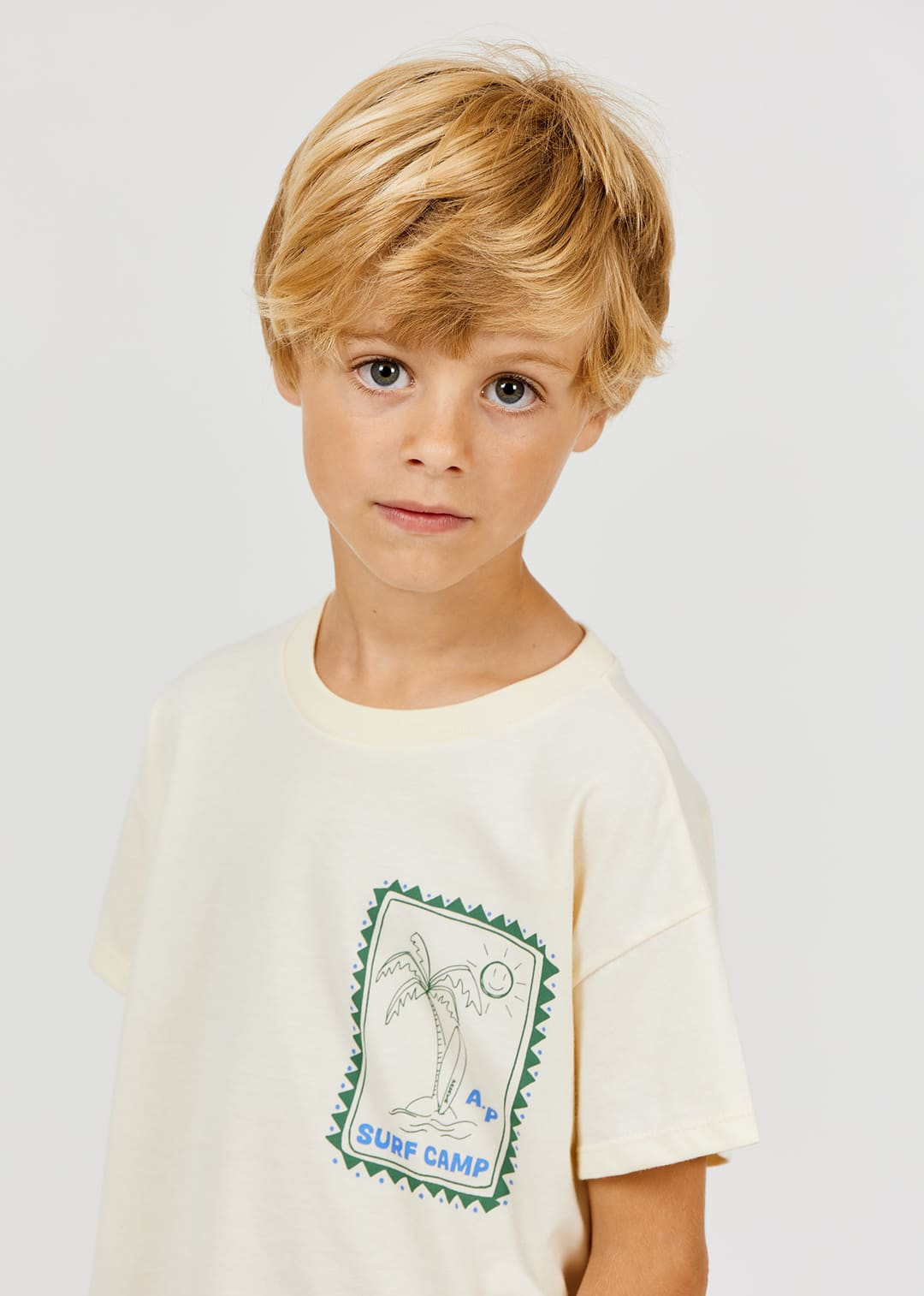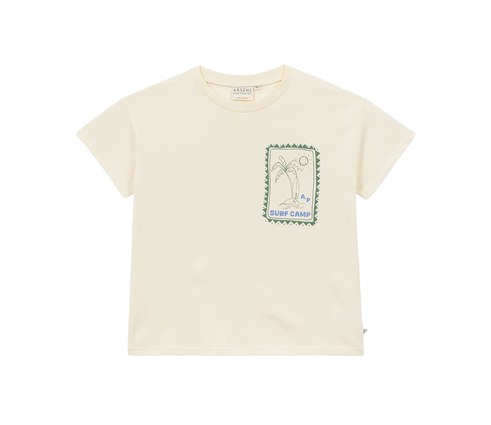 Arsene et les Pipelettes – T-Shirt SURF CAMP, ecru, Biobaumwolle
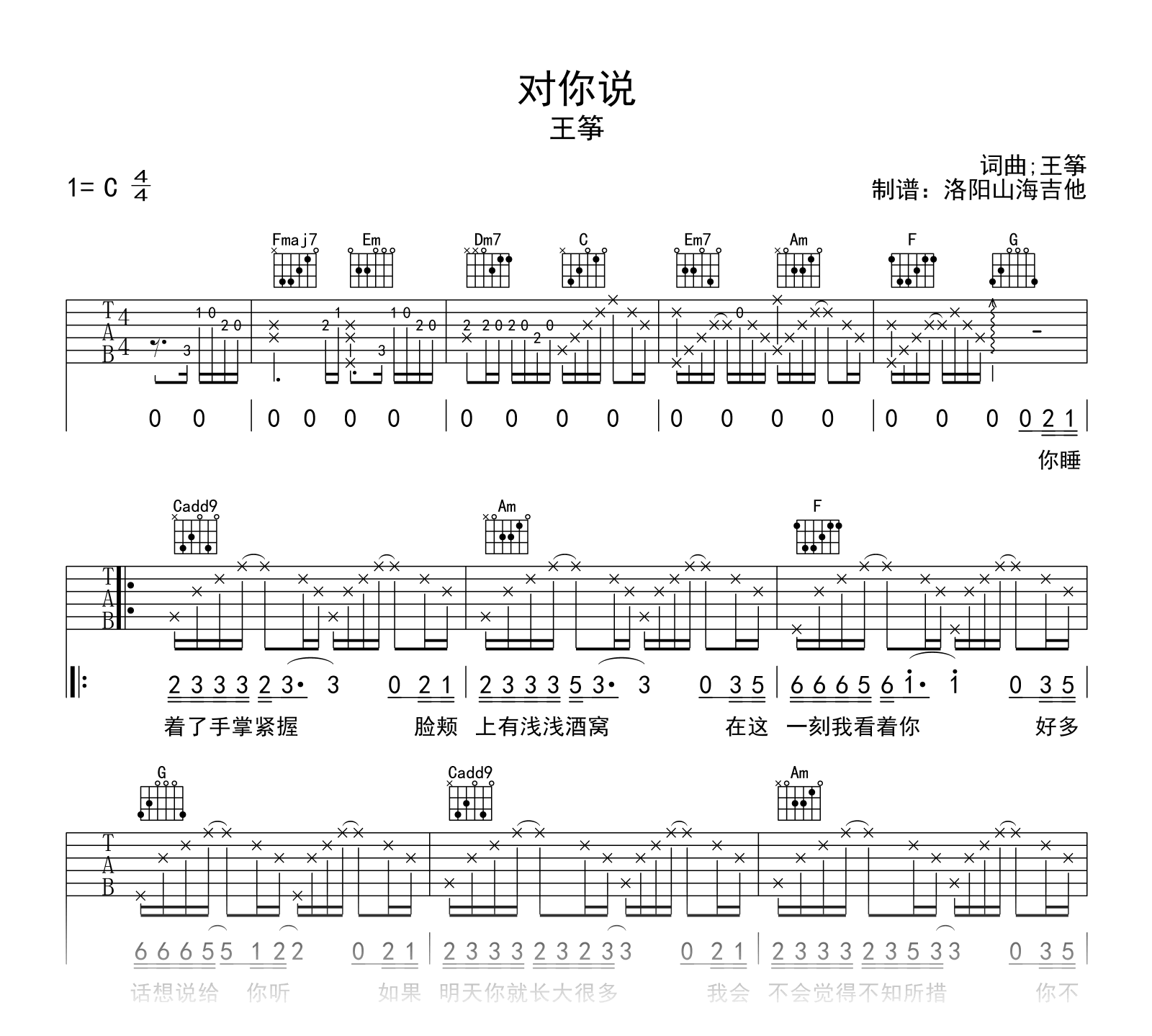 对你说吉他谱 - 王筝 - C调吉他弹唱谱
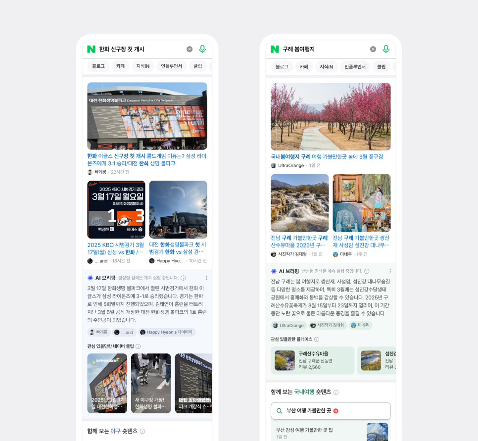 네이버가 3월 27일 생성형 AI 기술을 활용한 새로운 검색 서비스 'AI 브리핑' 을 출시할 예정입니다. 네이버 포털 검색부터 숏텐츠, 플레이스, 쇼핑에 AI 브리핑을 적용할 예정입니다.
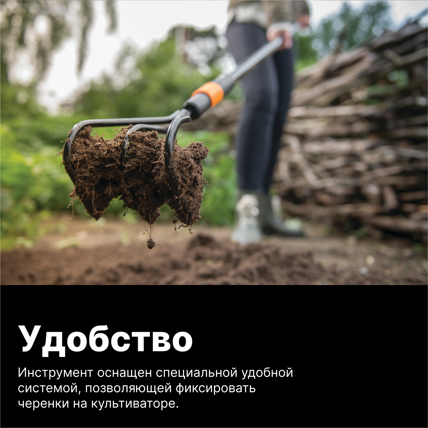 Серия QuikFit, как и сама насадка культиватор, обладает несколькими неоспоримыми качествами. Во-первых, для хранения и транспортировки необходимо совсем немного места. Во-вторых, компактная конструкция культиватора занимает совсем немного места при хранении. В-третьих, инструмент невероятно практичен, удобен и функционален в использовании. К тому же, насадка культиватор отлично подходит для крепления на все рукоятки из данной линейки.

....

TASK STATEMENT:
Every line above should be repeated exactly; pictures stay out of the copy.

SOLUTION:
 Arsene et les Pipelettes – T-Shirt SURF CAMP, ecru, Biobaumwolle
 对你说吉他谱 - 王筝 - C调吉他弹唱谱
 네이버가 3월 27일 생성형 AI 기술을 활용한 새로운 검색 서비스 'AI 브리핑' 을 출시할 예정입니다. 네이버 포털 검색부터 숏텐츠, 플레이스, 쇼핑에 AI 브리핑을 적용할 예정입니다.
 Серия QuikFit, как и сама насадка культиватор, обладает несколькими неоспоримыми качествами. Во-первых, для хранения и транспортировки необходимо совсем немного места. Во-вторых, компактная конструкция культиватора занимает совсем немного места при хранении. В-третьих, инструмент невероятно практичен, удобен и функционален в использовании. К тому же, насадка культиватор отлично подходит для крепления на все рукоятки из данной линейки.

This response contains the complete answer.